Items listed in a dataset
▬▬▬▬▬▬▬▬▬▬

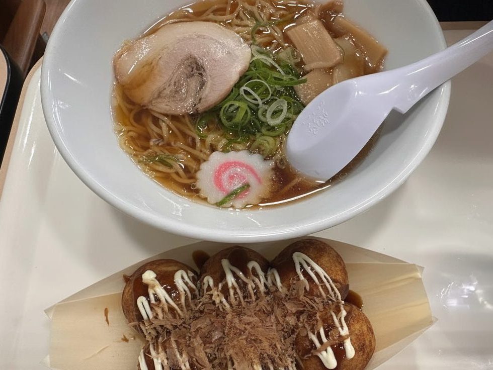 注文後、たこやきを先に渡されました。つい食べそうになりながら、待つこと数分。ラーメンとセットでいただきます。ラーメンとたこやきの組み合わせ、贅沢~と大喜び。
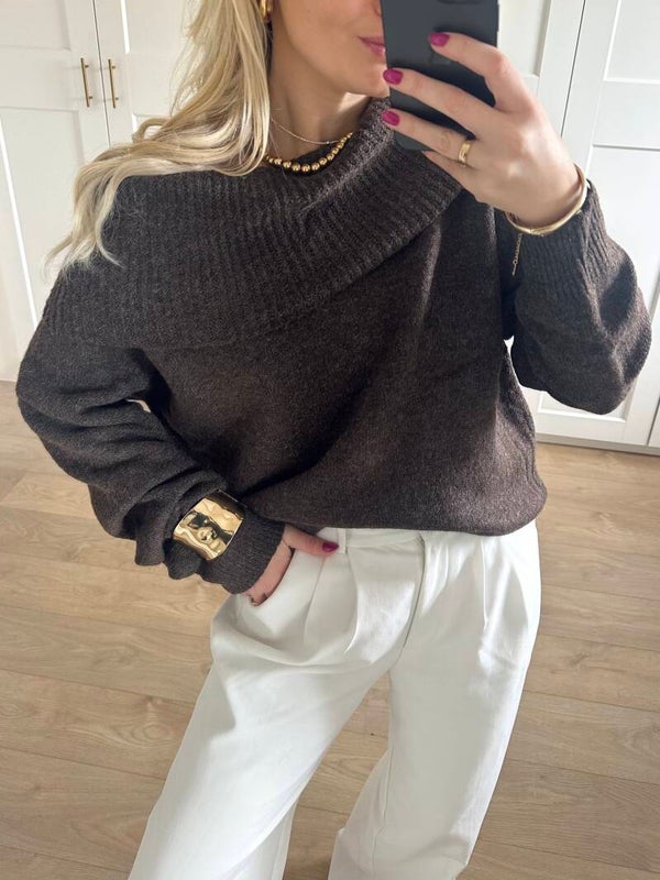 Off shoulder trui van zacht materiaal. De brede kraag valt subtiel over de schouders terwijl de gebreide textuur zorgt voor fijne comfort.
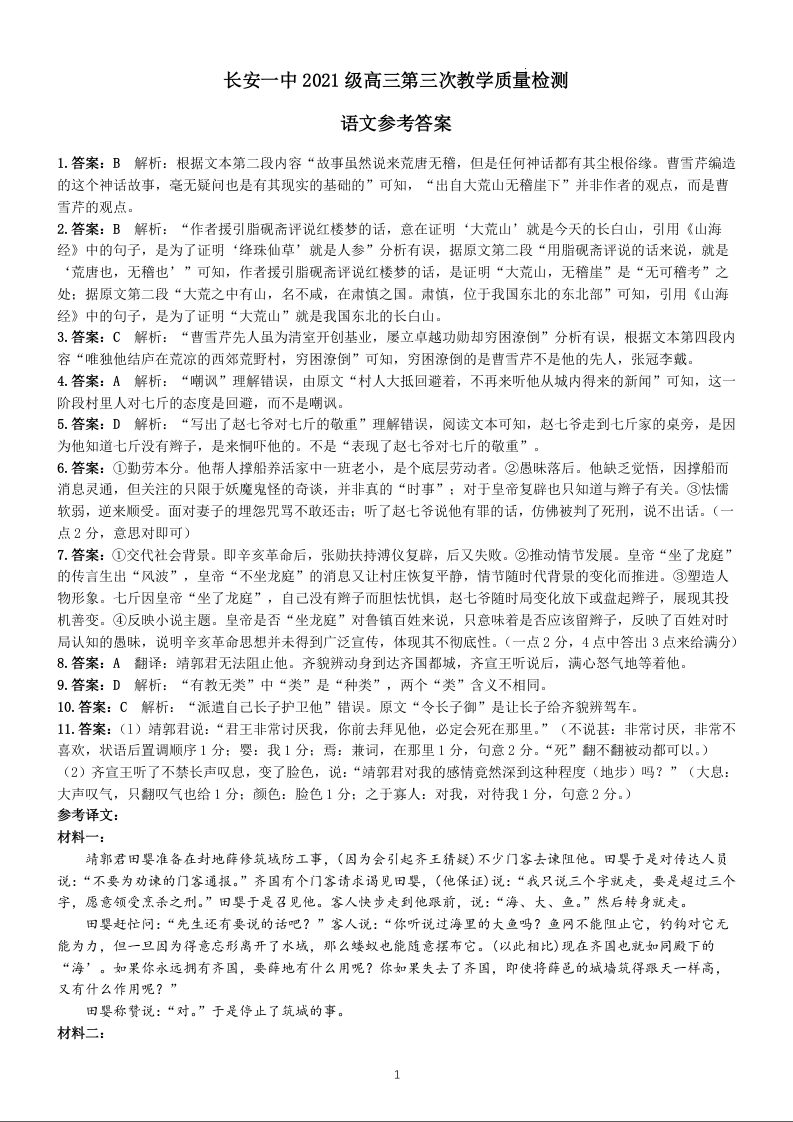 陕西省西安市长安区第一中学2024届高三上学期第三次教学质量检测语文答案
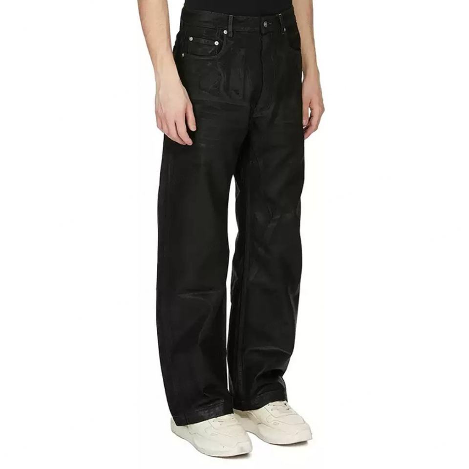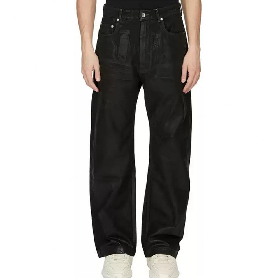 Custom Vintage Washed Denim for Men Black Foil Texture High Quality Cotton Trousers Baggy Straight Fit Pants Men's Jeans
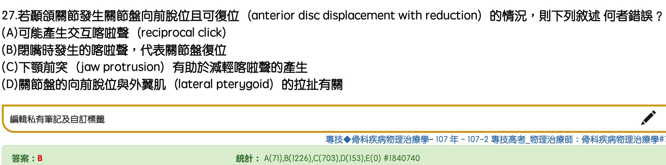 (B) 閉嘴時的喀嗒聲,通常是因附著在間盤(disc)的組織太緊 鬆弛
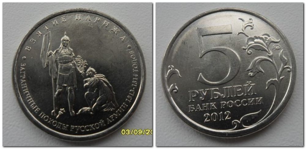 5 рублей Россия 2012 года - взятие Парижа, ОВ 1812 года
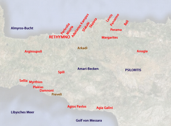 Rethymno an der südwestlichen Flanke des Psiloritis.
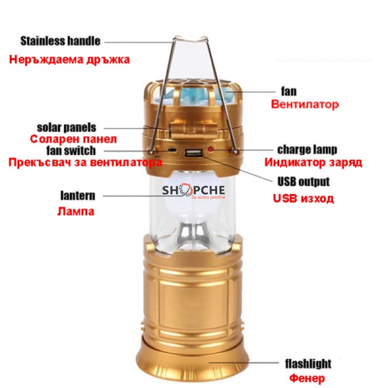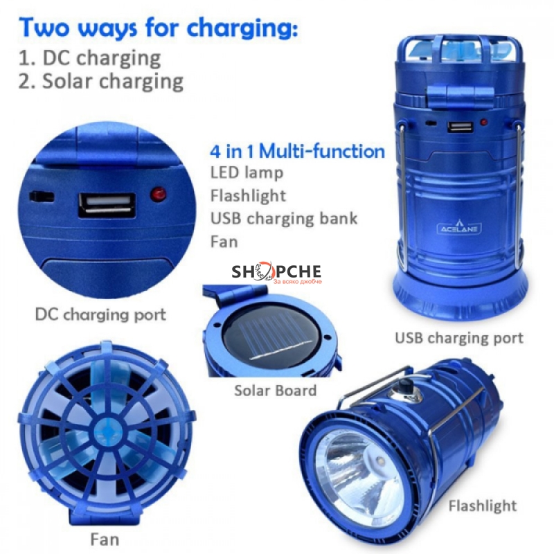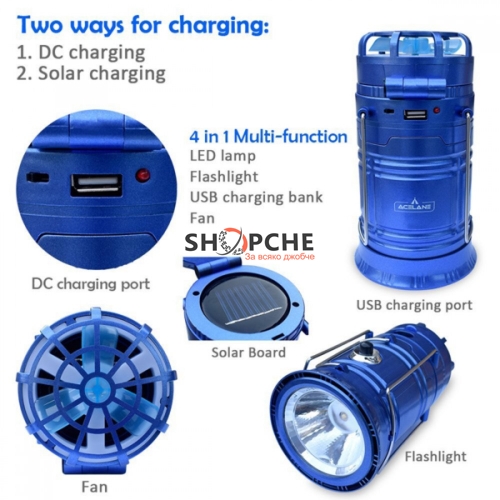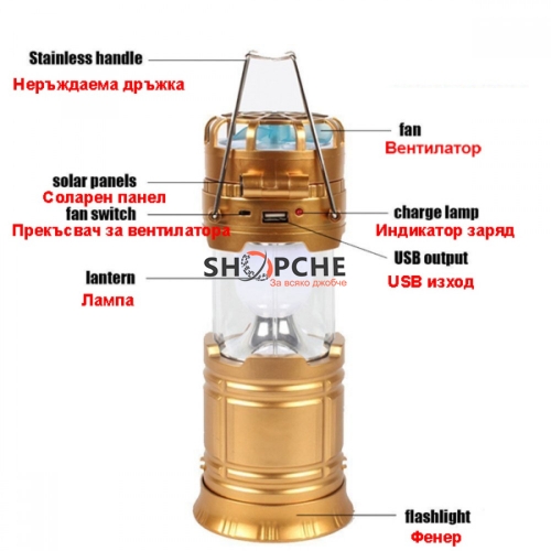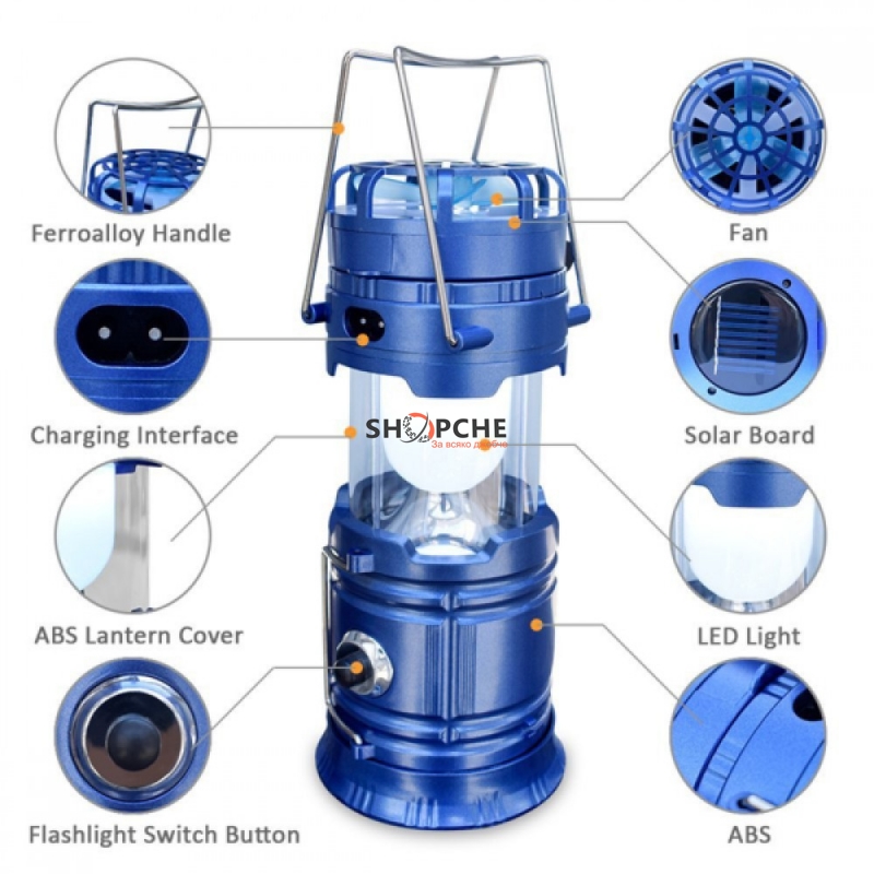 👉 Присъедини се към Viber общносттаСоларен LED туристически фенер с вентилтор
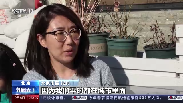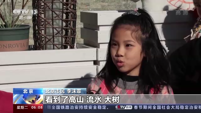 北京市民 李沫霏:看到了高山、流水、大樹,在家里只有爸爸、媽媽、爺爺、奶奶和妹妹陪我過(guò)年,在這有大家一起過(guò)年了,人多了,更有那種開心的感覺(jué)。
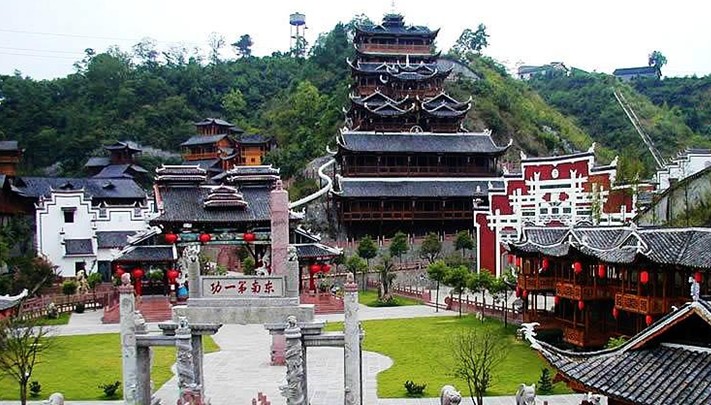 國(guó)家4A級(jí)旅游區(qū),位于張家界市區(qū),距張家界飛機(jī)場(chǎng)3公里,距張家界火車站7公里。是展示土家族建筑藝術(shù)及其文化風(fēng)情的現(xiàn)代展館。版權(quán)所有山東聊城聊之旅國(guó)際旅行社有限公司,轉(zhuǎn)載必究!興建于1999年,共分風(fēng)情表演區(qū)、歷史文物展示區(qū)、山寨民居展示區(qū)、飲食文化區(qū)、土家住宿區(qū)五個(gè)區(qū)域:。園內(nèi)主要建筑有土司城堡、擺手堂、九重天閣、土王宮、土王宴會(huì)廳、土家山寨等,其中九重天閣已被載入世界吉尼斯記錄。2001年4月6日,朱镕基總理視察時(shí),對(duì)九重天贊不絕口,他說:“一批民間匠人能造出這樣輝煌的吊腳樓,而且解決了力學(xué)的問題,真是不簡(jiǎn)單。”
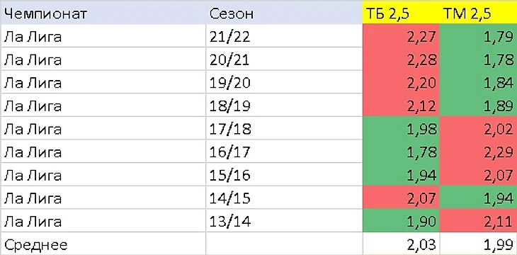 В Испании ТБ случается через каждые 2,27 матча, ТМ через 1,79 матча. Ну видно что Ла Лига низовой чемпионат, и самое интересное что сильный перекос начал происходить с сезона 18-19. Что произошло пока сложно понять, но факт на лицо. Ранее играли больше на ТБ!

▬▬▬▬▬▬▬▬▬▬

Work required = Write each line exactly as it appears, from the line that holds "(B) 閉嘴時的喀嗒聲,通常是因附著在間盤(disc)的組織太緊 鬆弛" through the closing line of the data above, and leave every picture out.

Written answer =
 (B) 閉嘴時的喀嗒聲,通常是因附著在間盤(disc)的組織太緊 鬆弛
 5 рублей Россия 2012 года - взятие Парижа, ОВ 1812 года
 Rethymno an der südwestlichen Flanke des Psiloritis.
 👉 Присъедини се към Viber общносттаСоларен LED туристически фенер с вентилтор
 北京市民 李沫霏:看到了高山、流水、大樹,在家里只有爸爸、媽媽、爺爺、奶奶和妹妹陪我過(guò)年,在這有大家一起過(guò)年了,人多了,更有那種開心的感覺(jué)。
 國(guó)家4A級(jí)旅游區(qū),位于張家界市區(qū),距張家界飛機(jī)場(chǎng)3公里,距張家界火車站7公里。是展示土家族建筑藝術(shù)及其文化風(fēng)情的現(xiàn)代展館。版權(quán)所有山東聊城聊之旅國(guó)際旅行社有限公司,轉(zhuǎn)載必究!興建于1999年,共分風(fēng)情表演區(qū)、歷史文物展示區(qū)、山寨民居展示區(qū)、飲食文化區(qū)、土家住宿區(qū)五個(gè)區(qū)域:。園內(nèi)主要建筑有土司城堡、擺手堂、九重天閣、土王宮、土王宴會(huì)廳、土家山寨等,其中九重天閣已被載入世界吉尼斯記錄。2001年4月6日,朱镕基總理視察時(shí),對(duì)九重天贊不絕口,他說:“一批民間匠人能造出這樣輝煌的吊腳樓,而且解決了力學(xué)的問題,真是不簡(jiǎn)單。”
 В Испании ТБ случается через каждые 2,27 матча, ТМ через 1,79 матча. Ну видно что Ла Лига низовой чемпионат, и самое интересное что сильный перекос начал происходить с сезона 18-19. Что произошло пока сложно понять, но факт на лицо. Ранее играли больше на ТБ!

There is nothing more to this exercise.